Reputation: 173
I have xml file, which is in format as below, and I want to transform it in csv otput as shown below. Unfortunatly I'm not allowed to install xmlstarlet or some other xml parser (I have only xmllint). How can I do this, for example with, awk, sed....

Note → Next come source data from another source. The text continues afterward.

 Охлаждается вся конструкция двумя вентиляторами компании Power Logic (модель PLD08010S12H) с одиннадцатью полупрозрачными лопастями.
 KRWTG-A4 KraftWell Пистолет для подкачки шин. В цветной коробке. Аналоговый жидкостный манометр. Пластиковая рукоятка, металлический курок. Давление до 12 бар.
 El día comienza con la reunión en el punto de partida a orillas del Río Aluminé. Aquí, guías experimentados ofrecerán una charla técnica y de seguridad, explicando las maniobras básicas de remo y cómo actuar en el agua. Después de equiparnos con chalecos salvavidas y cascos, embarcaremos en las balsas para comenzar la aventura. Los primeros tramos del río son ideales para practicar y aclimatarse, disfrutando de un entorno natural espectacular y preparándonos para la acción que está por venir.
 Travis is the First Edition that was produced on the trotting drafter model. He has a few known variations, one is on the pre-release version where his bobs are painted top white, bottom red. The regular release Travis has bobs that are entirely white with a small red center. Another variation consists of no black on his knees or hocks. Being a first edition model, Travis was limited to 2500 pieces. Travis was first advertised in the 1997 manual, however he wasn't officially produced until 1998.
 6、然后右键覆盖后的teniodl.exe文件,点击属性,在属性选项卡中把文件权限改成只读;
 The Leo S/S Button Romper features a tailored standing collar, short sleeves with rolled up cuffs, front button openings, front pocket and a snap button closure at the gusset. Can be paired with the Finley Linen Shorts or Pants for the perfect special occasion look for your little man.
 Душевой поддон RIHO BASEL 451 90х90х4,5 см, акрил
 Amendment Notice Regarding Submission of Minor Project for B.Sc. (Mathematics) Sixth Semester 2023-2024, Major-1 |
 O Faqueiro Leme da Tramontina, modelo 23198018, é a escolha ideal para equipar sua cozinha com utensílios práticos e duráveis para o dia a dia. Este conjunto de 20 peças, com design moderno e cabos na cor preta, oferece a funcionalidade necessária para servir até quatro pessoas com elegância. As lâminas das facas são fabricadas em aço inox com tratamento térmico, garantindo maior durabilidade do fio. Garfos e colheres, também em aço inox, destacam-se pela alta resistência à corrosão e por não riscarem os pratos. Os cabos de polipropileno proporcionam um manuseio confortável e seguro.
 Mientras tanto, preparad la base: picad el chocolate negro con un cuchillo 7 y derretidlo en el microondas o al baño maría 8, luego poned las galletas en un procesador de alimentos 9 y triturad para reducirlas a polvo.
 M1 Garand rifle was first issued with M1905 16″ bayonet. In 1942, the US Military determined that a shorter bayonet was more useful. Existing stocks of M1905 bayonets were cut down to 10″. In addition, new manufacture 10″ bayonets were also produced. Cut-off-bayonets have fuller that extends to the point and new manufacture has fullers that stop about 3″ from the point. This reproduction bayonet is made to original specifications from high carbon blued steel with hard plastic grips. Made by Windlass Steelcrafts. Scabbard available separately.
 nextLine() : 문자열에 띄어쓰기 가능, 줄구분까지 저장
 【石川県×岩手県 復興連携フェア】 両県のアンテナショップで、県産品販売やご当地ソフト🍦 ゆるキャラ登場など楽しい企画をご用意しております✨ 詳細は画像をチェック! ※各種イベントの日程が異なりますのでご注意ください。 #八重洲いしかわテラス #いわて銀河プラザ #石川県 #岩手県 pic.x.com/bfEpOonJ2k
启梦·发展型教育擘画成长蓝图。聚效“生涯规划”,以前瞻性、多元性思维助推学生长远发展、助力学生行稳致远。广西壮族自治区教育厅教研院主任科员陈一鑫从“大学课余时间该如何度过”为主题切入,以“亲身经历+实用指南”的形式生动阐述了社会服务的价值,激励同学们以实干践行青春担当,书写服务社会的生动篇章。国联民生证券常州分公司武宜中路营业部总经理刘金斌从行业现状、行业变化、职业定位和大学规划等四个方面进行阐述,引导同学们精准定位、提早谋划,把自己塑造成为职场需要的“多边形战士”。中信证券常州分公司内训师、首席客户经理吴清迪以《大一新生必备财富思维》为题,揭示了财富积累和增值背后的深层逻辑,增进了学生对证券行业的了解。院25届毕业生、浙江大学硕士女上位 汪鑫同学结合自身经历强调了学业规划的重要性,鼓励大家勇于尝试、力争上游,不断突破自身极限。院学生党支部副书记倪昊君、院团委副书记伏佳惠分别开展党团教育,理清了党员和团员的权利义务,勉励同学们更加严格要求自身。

<xn:VsDataContainer id="site00881">
<es:listOfNe>SubNetwork=NL1_R,SubNetwork=AHPTUR14,MeContext=rbs008811,ManagedElement=1</es:listOfNe>
<es:listOfNe>SubNetwork=NL1_R,SubNetwork=AHPTUR14,MeContext=rbs008819,ManagedElement=1</es:listOfNe>
</xn:VsDataContainer>
<xn:VsDataContainer id="site00882">
<es:listOfNe>SubNetwork=NL1_R,SubNetwork=AHPTUR14,MeContext=rbs008821,ManagedElement=1</es:listOfNe>
<es:listOfNe>SubNetwork=NL1_R,SubNetwork=AHPTUR14,MeContext=rbs008829,ManagedElement=1</es:listOfNe>
</xn:VsDataContainer>
<xn:VsDataContainer id="site00883">
<es:listOfNe>SubNetwork=NL1_R,SubNetwork=ASDTUR13,MeContext=rbs008831,ManagedElement=1</es:listOfNe>
<es:listOfNe>SubNetwork=NL1_R,SubNetwork=ASDTUR_SIU,MeContext=siu008832,ManagedElement=siu008832</es:listOfNe>
</xn:VsDataContainer>
<xn:VsDataContainer id="site00884">
<es:listOfNe>SubNetwork=NL1_R,SubNetwork=AHPTUR14,MeContext=rbs008841,ManagedElement=1</es:listOfNe>
<es:listOfNe>SubNetwork=NL1_R,SubNetwork=AHPTUR14,MeContext=rbs008849,ManagedElement=1</es:listOfNe>
</xn:VsDataContainer>
output should be in csv format
rbs008811,site00881
rbs008819,site00881
rbs008821,site00882
rbs008829,site00882
rbs008831,site00883
siu008832,site00883
rbs008841,site00884
rbs008849,site00884
Upvotes: 0
Views: 712
Reputation: 247162
With the usual reservations about parsing XML:
gawk -v OFS=, '
match($0, /VsDataContainer id="([^"]+)/, m) {container = m[1]}
match($0, /MeContext=([^,]+)/, m) {print m[1], container}
' file
If you don't have GNU awk:
awk -v OFS=, '
/VsDataContainer id="/ {
sub(/.*id="/, "")
sub(/".*/, "")
container = $0
}
/MeContext=/ {
sub(/.*MeContext=/, "")
sub(/,.*/, "")
print $0, container
}
' file
Upvotes: 0
Reputation: 7959
I would help you with xmllint
, but your xml file don't seen to be valid.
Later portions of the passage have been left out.